Beginning with the line containing "Nachfolgend finden Sie" and ending with the line containing "2023 年6月29日,吉安", write out each line of the records below exactly; pictures and lines outside that range are left out.
══ DATA SHOWN
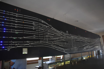 Today, a complex computer program, designed specifically for use at Harris Tower, teaches visitors about the operations of the tower in its heyday. The program is connected to the original levers, allowing visitors to control virtual trains through a simulation of the 1940's track pattern based on period-correct Pennsylvania Railroad timetables and train schedules.
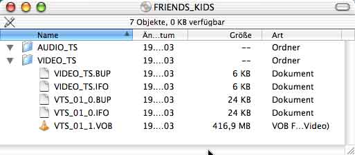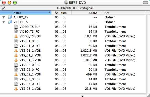 Nachfolgend finden Sie am Beispiel einer mit iDVD erstellten VideoCD die vorgeschriebene Struktur einer DVD.
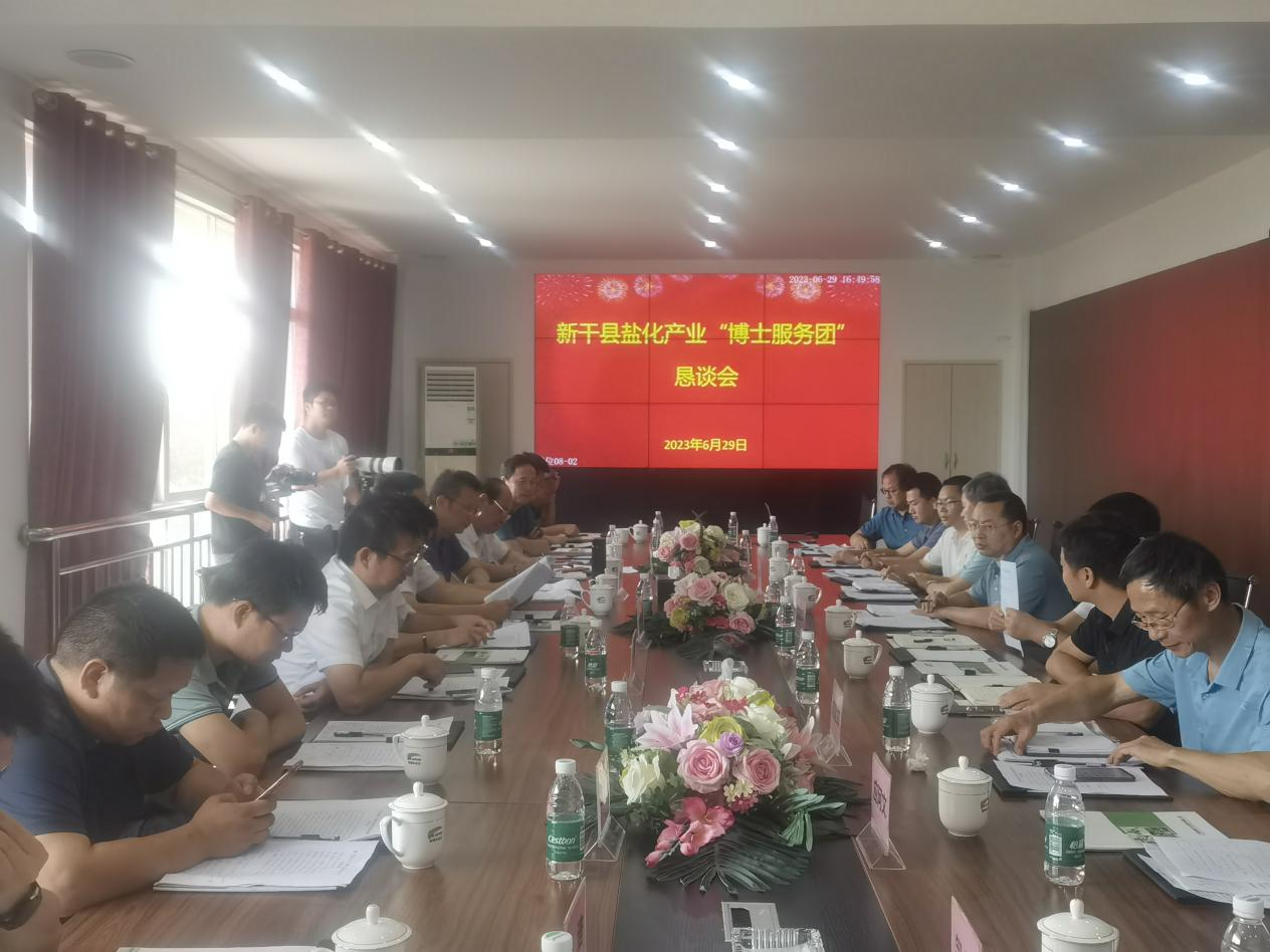 2023 年6月29日,吉安市新干县召开盐化产业“博士服务团”恳谈会。县委常委、组织部部长汪啸君出席恳谈会并讲话。县委组织部、县科技局相关负责同志和15名博士、企业高管参加恳谈会。
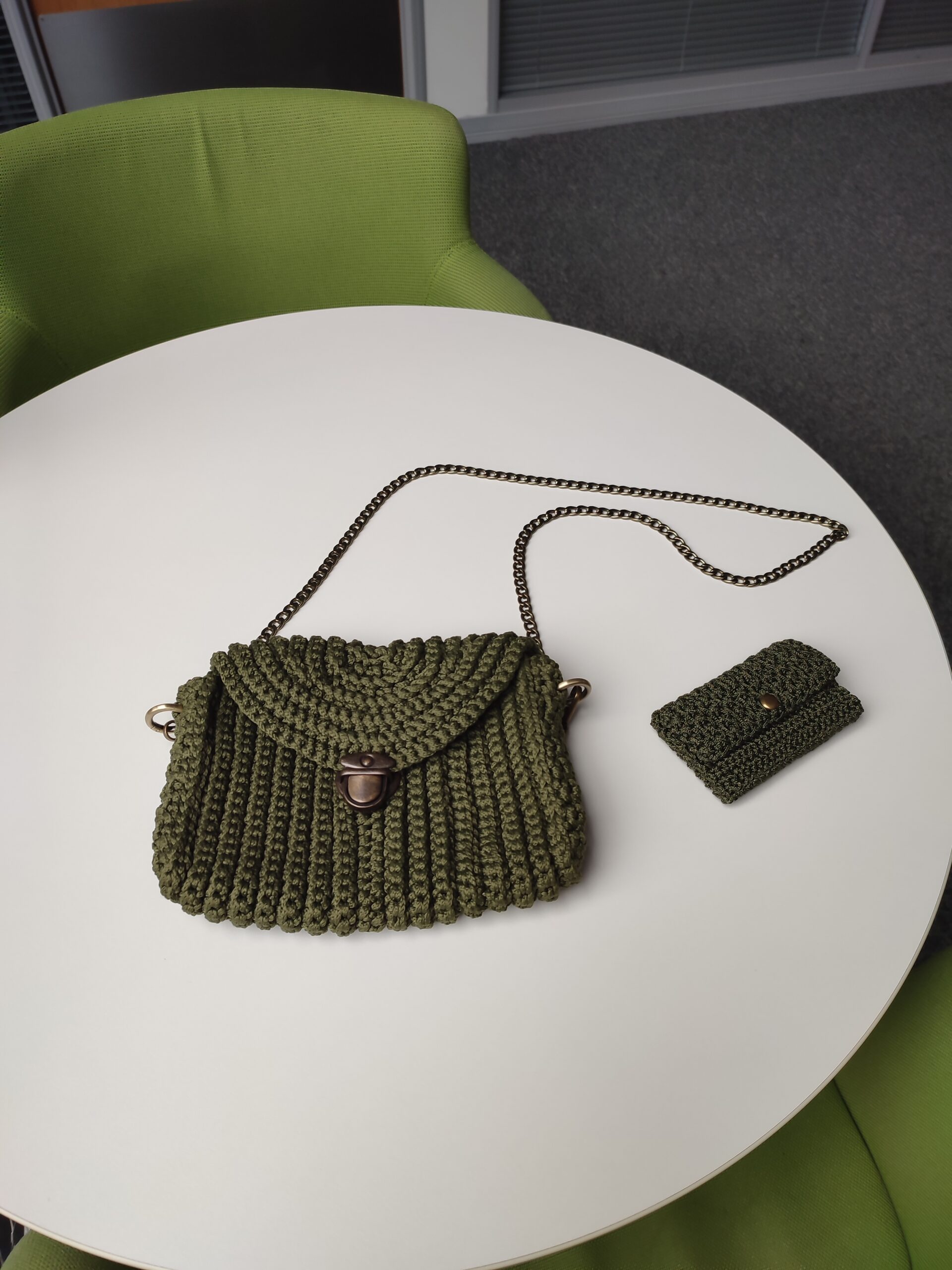 Crafted with love and attention to detail, this bag is truly unique and a work of art. The beautiful crochet pattern creates a charming texture, adding a touch of elegance to any outfit. Comes with two detachable straps (cross-body strap and metal chain). With a variety of straps, you can easily personalize your look. Opt for a classic bronze chain or a textile strap, or remove the strap and use this bag as a clutch. Practical and Stylish: This bag combines style with functionality. Its compact size is perfect for carrying your essentials, such as your phone, wallet, keys, makeup and other. Exceptional quality. Crafted from polyester cord, this bag is durable and sturdy. You can trust it to withstand the test of time!
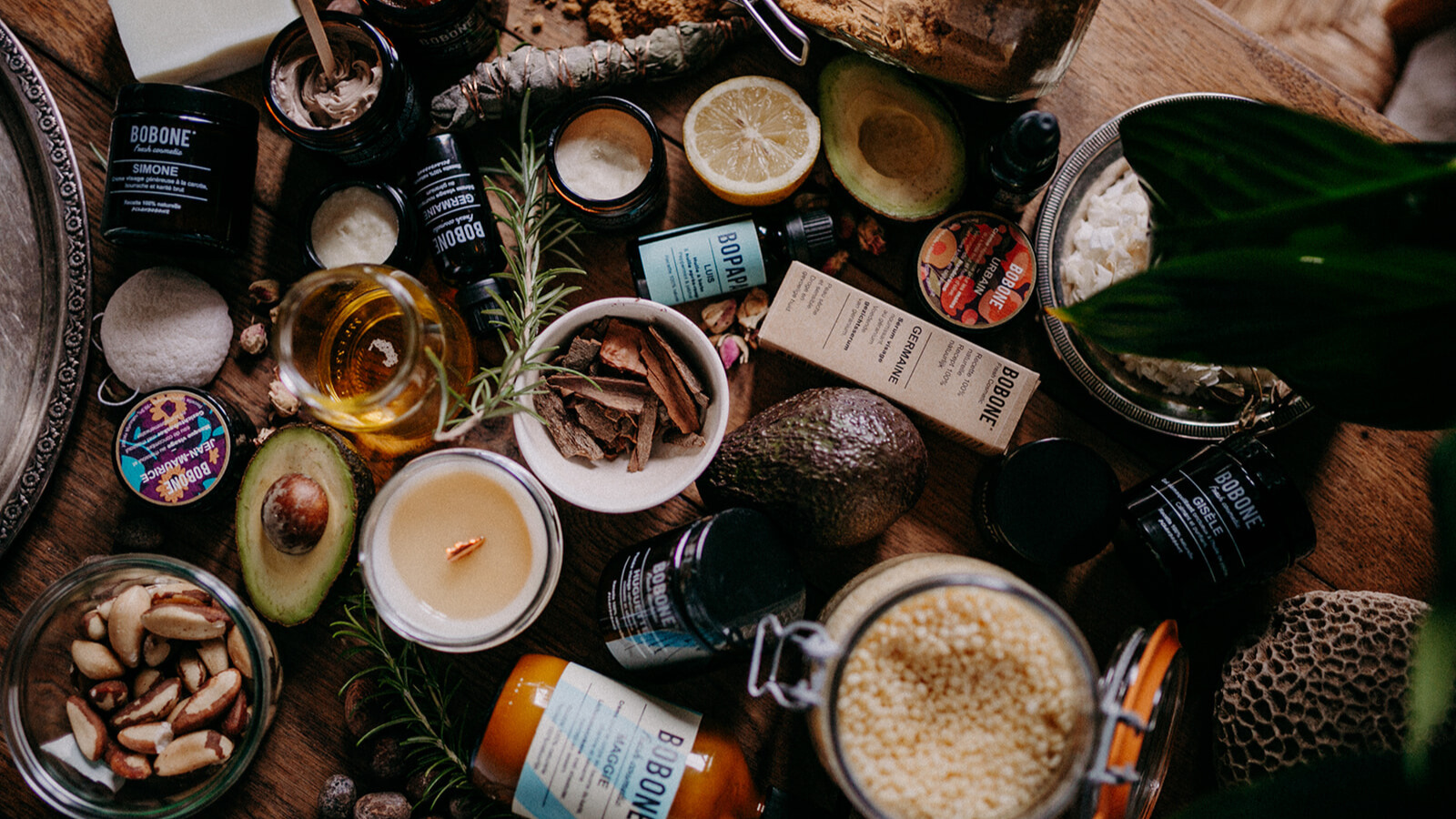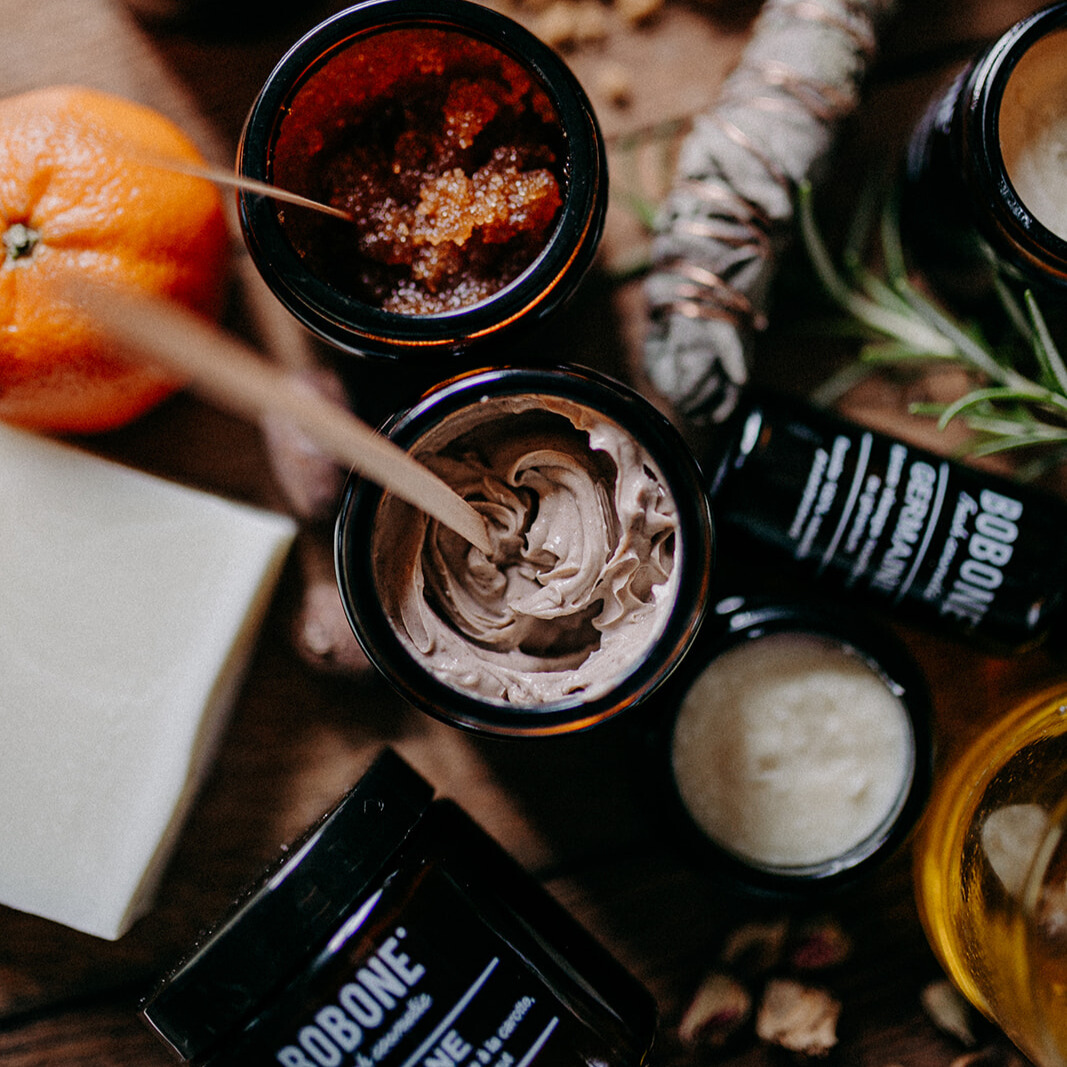 Chez Bobone, vous pouvez hydrater votre peau de manière efficace tout en évitant les produits agressifs. Nous travaillons avec des ingrédients 100% naturels, pour la plupart certifiés bio et/ou bruts et plus ou moins un quart venant d'artisans locaux. Nos matières premières sont des huiles et des beurres végétaux, des sucres, sels, cires d'abeilles (ruches locales) et plantes de notre jardin. Nos listes d'ingrédients sont simples à comprendre et notre savoir-faire fidèle aux gestes d'autrefois.
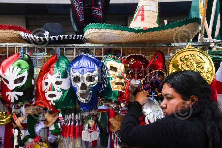 CIUDAD DE MÉXICO, 05SEPTIEMBRE2025.- Una mujer acomoda máscaras de lucha libre en un comercio de artículos para las fiestas patrias. FOTO: MARIO JASSO/CUARTOSCURO.COM
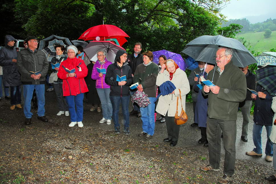Trotz Regenwetter fanden sich zahlreiche Nachbarn und Bewohner Schrattenbachs ein, um bei der Segnung des Kreuzes durch Pfarrer Wolfgang Berger dabei zu sein.
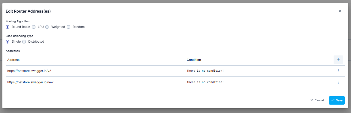Adres güncelleme ya da ekleme işlemleri için açılan penceredeki Koşul (Condition) bölümü, istemciden gelen mesajların bu adrese gönderilmesi için koşul tanımlama olanağı verir. Böylece örneğin özel bir başlık ya da parametre değeri ile gelmeyen isteklerin tanımlı adreslerden sadece belirli bir ya da daha fazlasına yönlendirilmesi sağlanabilir.
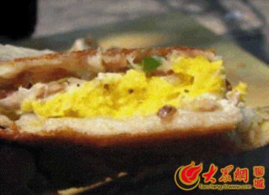 大眾網(wǎng)聊城5月5日訊 在聊城,很多人的一天是從吃一口呱嗒開始的。來到早餐攤邊,買一個熱騰騰的呱嗒,用油紙包了,攔腰切開,露出雪白的蛋清、金燦燦的蛋黃,夾雜著香飄四溢的肉粒,深吸一口氣,聞聞從指縫間飄散出來的蔥花香,整個人瞬間精神“倍兒爽”。
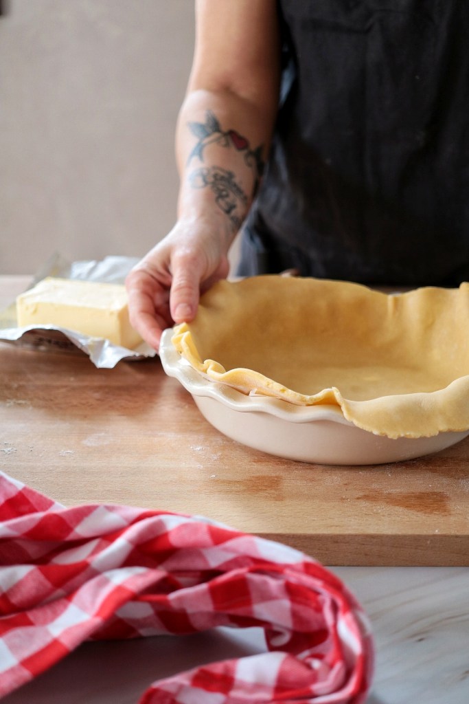 Foderiamo il fondo di una teglia da 22cm di diametro, precedentemente rivestito con un foglio di carta forno, bucherelliamo con una forchetta e versiamo all’interno il ripieno. Noi abbiamo usato lo stampo in ceramica di Emile Henry, che potete trovare sulla nostra vetrina Amazon.
════
* **TASK SOLUTION**
 Nachfolgend finden Sie am Beispiel einer mit iDVD erstellten VideoCD die vorgeschriebene Struktur einer DVD.
 2023 年6月29日,吉安市新干县召开盐化产业“博士服务团”恳谈会。县委常委、组织部部长汪啸君出席恳谈会并讲话。县委组织部、县科技局相关负责同志和15名博士、企业高管参加恳谈会。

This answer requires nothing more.